Faits Divers

Après une comparution au tribunal : un détenu épinglé avec divers objets cachés dans ses parties intimes

Les divers objets récupérés.

Jocelyn Patrick Sabine, un détenu de la prison centrale de Beau-Bassin a été épinglé avec trois téléphones cellulaires miniatures,  deux câbles USB et deux boulettes de drogue insérés dans son anus. 

Les faits se sont déroulés dans l’après-midi du mardi 27 novembre, au retour de ce prisonnier d’une comparution au tribunal de Curepipe. Le suspect, condamné pour une affaire de vol, a fait l’objet d’une fouille particulière. Il a en effet été soumis à la Body Orifice Security Scanner (BOSS) Chair, à son retour à la prison. Deux téléphones portables miniatures ont été récupérés à la prison, alors que le détenu a purgé un troisième sur son lit à l’hôpital Jawaharlal Nehru, à Rose-Belle. C’est grâce à un examen aux rayons X que le troisième appareil miniature a été décelé. 

Cette « BOSS Chair », a permis aux gardiens de la prison de découvrir le pot au rose. Ce détenu qui a été arrêté pour une affaire de vol, a été placé en détention provisoire à la prison de Beau-Bassin. Dans la journée du mardi 27 novembre, il avait été conduit au tribunal de Curepipe, dans le cadre de son procès. 

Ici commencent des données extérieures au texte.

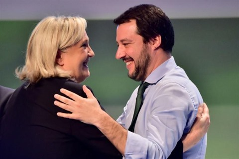 Comme son allié italien et le Premier ministre national-conservateur hongrois Viktor Orban, Marine Le Pen se place dans le camp des "nationaux", face aux "mondialistes" incarnés à ses yeux par Emmanuel Macron, qui "panique". Mais contrairement au FPÖ, parvenu au pouvoir en Autriche avec les conservateurs, ou à la Ligue italienne, le RN peine à trouver des alliés. À défaut d'avoir convaincu le souverainiste Nicolas Dupont-Aignan, Marine Le Pen promet une liste "de rassemblement" où pourrait figurer l'ancien ministre LR Thierry Mariani, qui tarde à se décider.

À son retour à la prison et à la suite de certains soupçons, Jocelyn Patrick Sabine a été appelé à se soumettre à une minutieuse fouille corporelle. Il a été placé sur la « BOSS Chair » et soumis à une analyse aux rayons X.  La présence de trois boulettes dans ses parties intimes a été immédiatement décelée. Deux des boulettes contenaient de la drogue synthétique et la troisième, une poudre de couleur blanche. 

Une demi-heure plus tard, et en présence des gardiens ébahis, il a excrété deux autres colis, un téléphone cellulaire miniature et un câble USB, dissimulés dans son anus.  Il a ensuite expulsé un autre téléphone miniature. 

Interrogé par les gardiens de la prison, le détenu a affirmé avoir récupéré ces produits dans une des toilettes du tribunal. La brigade antidrogue a été alertée et a initié une enquête sur la provenance de ces téléphones. Les puces contenues dans ces cellulaires seront scrupuleusement examinées afin de permettre aux enquêteurs de remonter jusqu’aux expéditeurs de ces colis.